*Directions for this task*: Write out the records below from the first line through the line containing "中を洗浄します。コンクリート", leaving out any pictures.

*Given data*:
·····
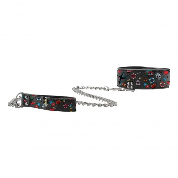 Issu de la collection Old School Tattoo Style par Ouch! le collier laisse Tattoo Style Ouch est idéal pour vos jeux BDSM.
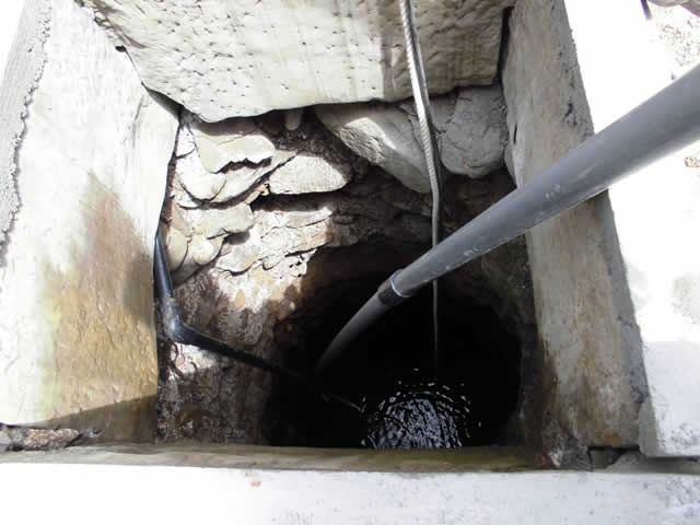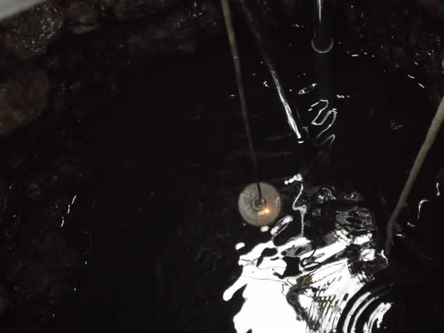 中を洗浄します。コンクリート製の土管のない時代に築造されたのか、井戸端は大きな岩で囲い、内部は石垣、底部付近では岩盤を掘りぬいており、少なくとも昭和以前に築造されたと思われます。今後はこんな形の井戸も見られなくなっていくのでしょうか。
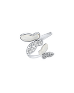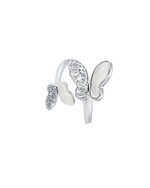 This is an elegant open-ended ring featuring a dynamic butterfly design. Two wings are crafted from lustrous mother-of-pearl, while the other two sparkle with a mix of baguette and round cubic zirconia stones. The polished silver-toned band gracefully supports this captivating and sophisticated piece.
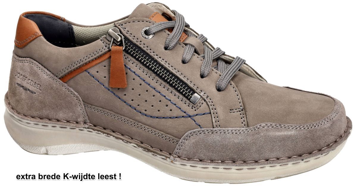 JOSEF SEIBEL artikel/model 44911 New Anvers 11 asphalt-kombi zijn super brede K-wijdte leest in taupe nubuck comfort casual herenschoenen comfort sneakes of veter-rits schoenen met een uitneembaar dik mals latex voetbed. Uitermate geschikt voor mannen met zeer brede of zware voeten en/of hoge wreef. Het los latex voetbed kan indien gewenst ook vervangen worden door eigen steunzolen. Door de combinatie van de super brede K-wijdte leest, de verstelbare vetersluiting en de ritssluiting zijn deze sportieve Josef Seibel casual taupe sneaker-schoenen uitermate geschikt voor mannen met zware, brede voeten en hoge wreef. De ritssluiting zorgt voor een comfortabele instap en zorgt met de lichtgewicht comfortabele buitenzool voor een goede grip. Josef Seibel schoenen vindt men in onze schoenenwinkel regio Aalst, Ninove,Geraardsbergen, Liedekerke of kan men online bestellen op onze webshop.
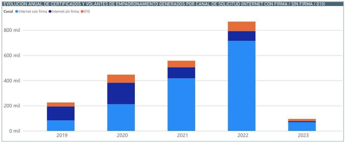 Entre las diligencias que involucran al Ayuntamiento, las que corresponden al padrón de habitantes destacan entre las más demandadas. Hasta hace dos años, la mayoría de los certificados se entregaban presencialmente y ahora se pueden descargar en un minuto desde el teléfono móvil. Los volantes de empadronamiento con firma se han multiplicado por 12 entre enero de 2019 y 2023: de 5.600 a 69.370. En 2022 se entregaron más de 800.000 certificados online frente a los 200.000 de hace cuatro años.
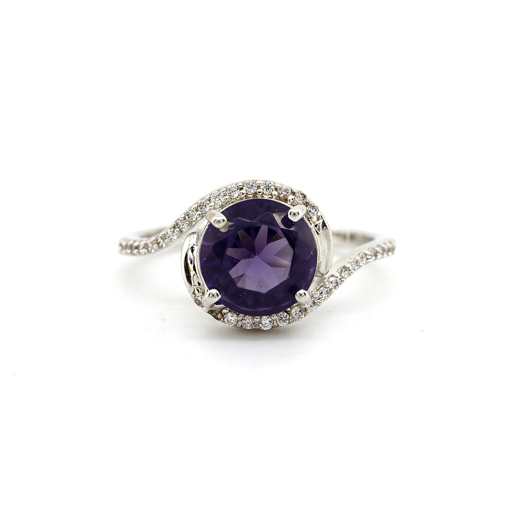 Кольцо с платиновым покрытием 850 пробы с пурпурным и белым кристаллами 2,95 карат
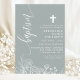 Dusty Sage White Floral Elegante Script Taufe Einladung
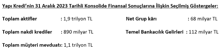 2023 yılında toplam nakdi kredi hacmi 2022 yıl sonuna göre yüzde 52 oranında artarak 890 milyar liraya yükselen Banka’nın aktif büyüklüğü yüzde 57’lik yükselişle 1,9 trilyon liraya çıktı. Toplam müşteri mevduat hacmi bir önceki yılın aynı dönemine göre yüzde 55 artışla 1,1 trilyon liraya ulaşan Yapı Kredi’nin, öz kaynak karlılığı da yüzde 45 olarak gerçekleşti. Banka’nın sermaye yeterlilik rasyosu ise (yasal düzenlemelerin olumlu etkileri dışarıda bırakıldığında) yüzde 16,9 oldu.
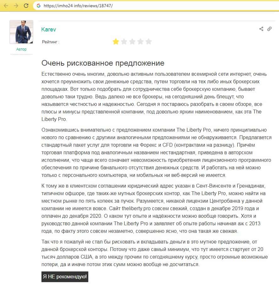 - Отзыв человека о лохотроне TheLiberty Pro с одного из веб-сайтов
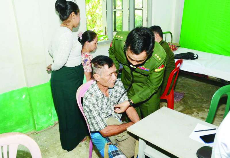 ဧရာဝတီမြစ်ကြောင်းတစ်လျှောက်ရှိ ဒေသခံပြည်သူများအား ကျန်းမာရေးစောင့်ရှောက်မှုလုပ်ငန်းများ ဆောင်ရွက်ပေးရန်အတွက် တပ်မတော်မြစ်တွင်းသွားဆေးရုံ ရေယာဉ်(ရွှေပုဇွန်)၊ မြစ်ရေယာဉ် (စကု)တို့နှင့်အတူ လိုက်ပါလာသည့် တပ်မတော်မှ ပါရဂူများ၊ ဆေးမှူးများ၊ သူနာပြုများပါဝင်သော တပ်မတော်နယ်လှည့် အထူးကုဆေးအဖွဲ့သည် ယနေ့နံနက်ပိုင်းတွင် မော်လမြိုင်ကျွန်းမြို့နယ် ရွာသစ်ကျေးရွာရှိ သီရိမင်္ဂလာ မိုးကုတ်ဓမ္မရိပ်သာကျောင်းတိုက်၌ အခြေပြု၍ အဆိုပါကျေးရွာနှင့် ပတ်ဝန်းကျင်ကျေးရွာများမှ ဒေသခံပြည်သူ ၅၈၃ ဦးအား ကျန်းမာရေးစောင့်ရှောက်မှုလုပ်ငန်းများ ဆောင်ရွက်ပေးသည်။
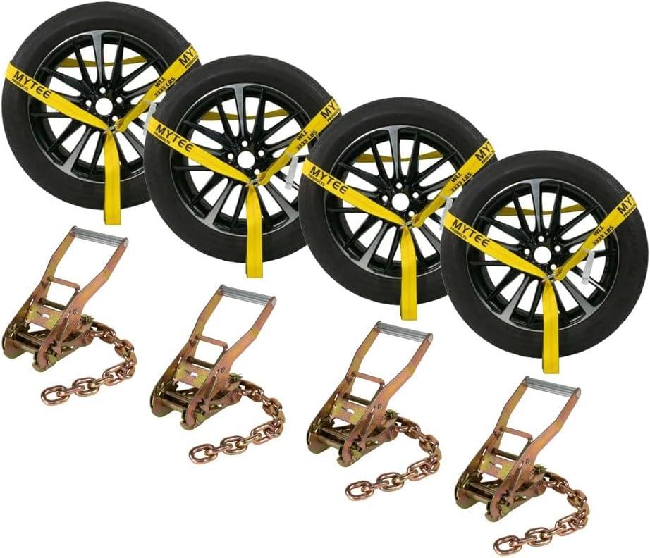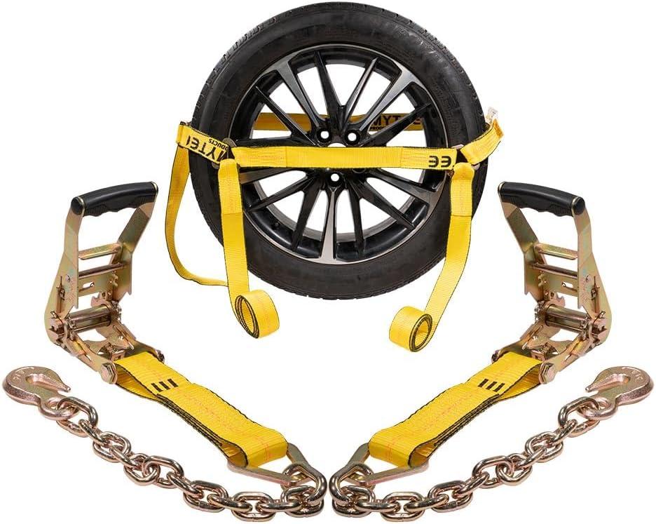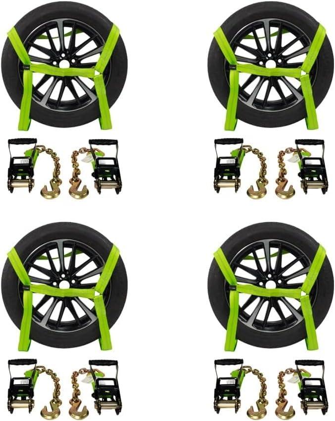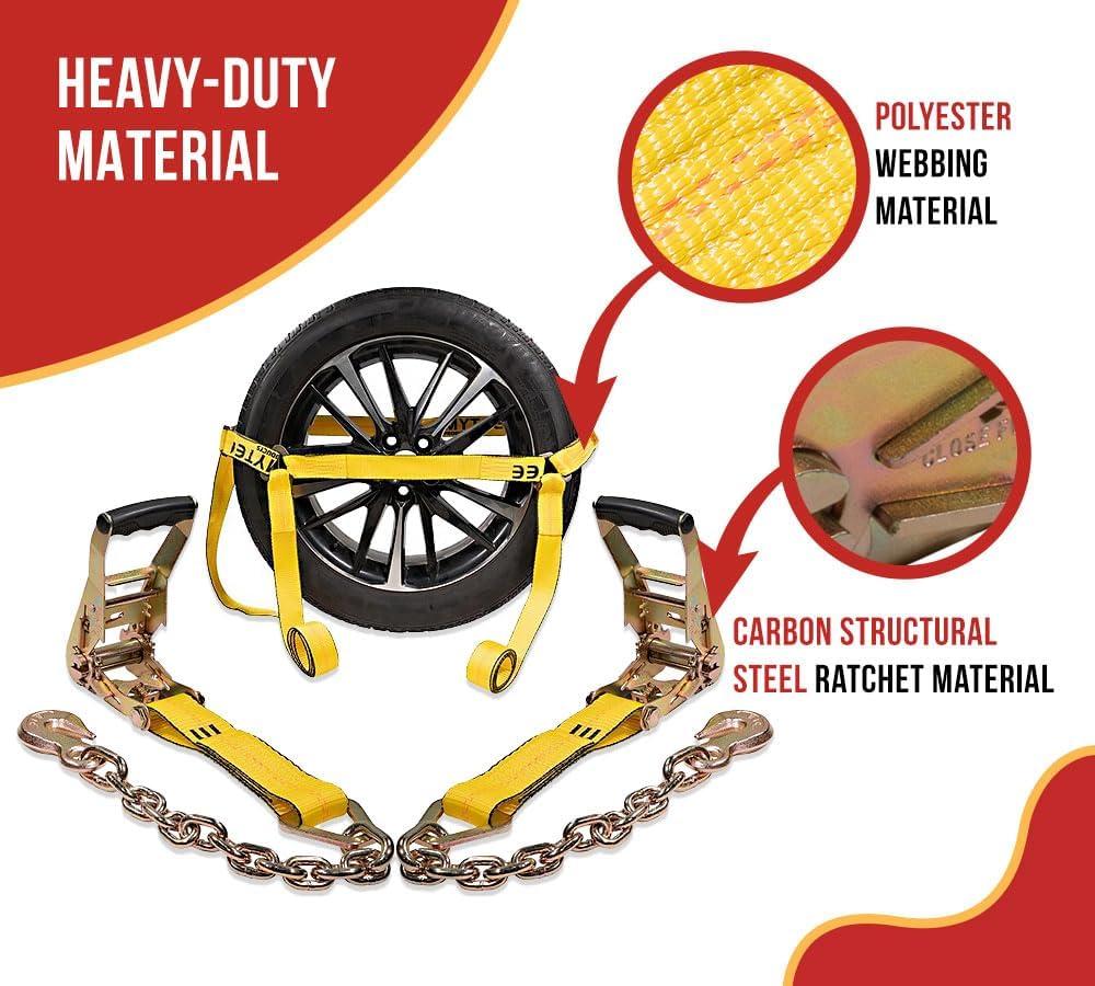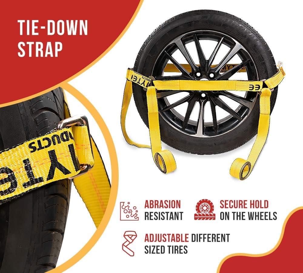 Durable Polyester Webbing – This wheel straps for hauling cars is resistant to stretching & cuts, the polyester webbing ensures long-lasting performance for utv tie down strap.
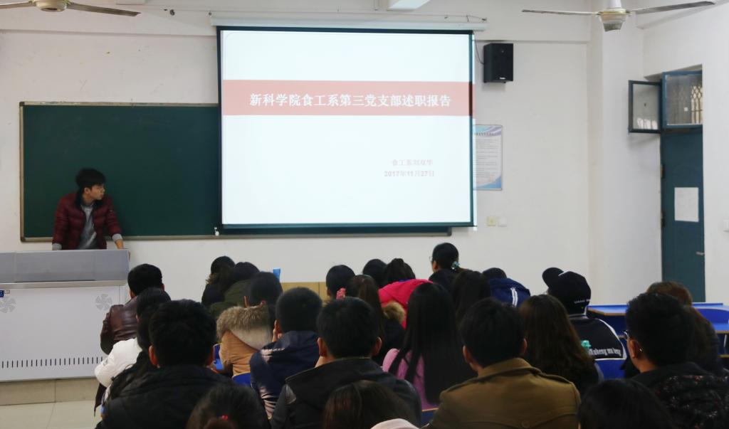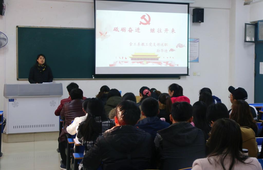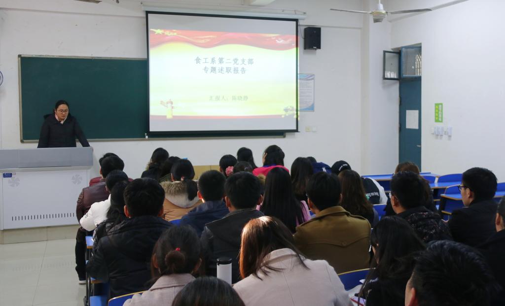 为深入贯彻落实学习党的十九大精神和新时代中国特色社会主义思想,进一步推动全面从严治党向基层延伸,1130日下午,食工系党总支在12号教学楼521教室举行党支部书记述职报告及评议工作,食工系全体教工党员和学生党员参加了会议。
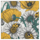 Motif vectoriel transparent fait de marguerites dessinées à la main, de pavots et de coccinelles. Version couleur jaune et blanc.
·····
*Result of the task*:
 Issu de la collection Old School Tattoo Style par Ouch! le collier laisse Tattoo Style Ouch est idéal pour vos jeux BDSM.
 中を洗浄します。コンクリート製の土管のない時代に築造されたのか、井戸端は大きな岩で囲い、内部は石垣、底部付近では岩盤を掘りぬいており、少なくとも昭和以前に築造されたと思われます。今後はこんな形の井戸も見られなくなっていくのでしょうか。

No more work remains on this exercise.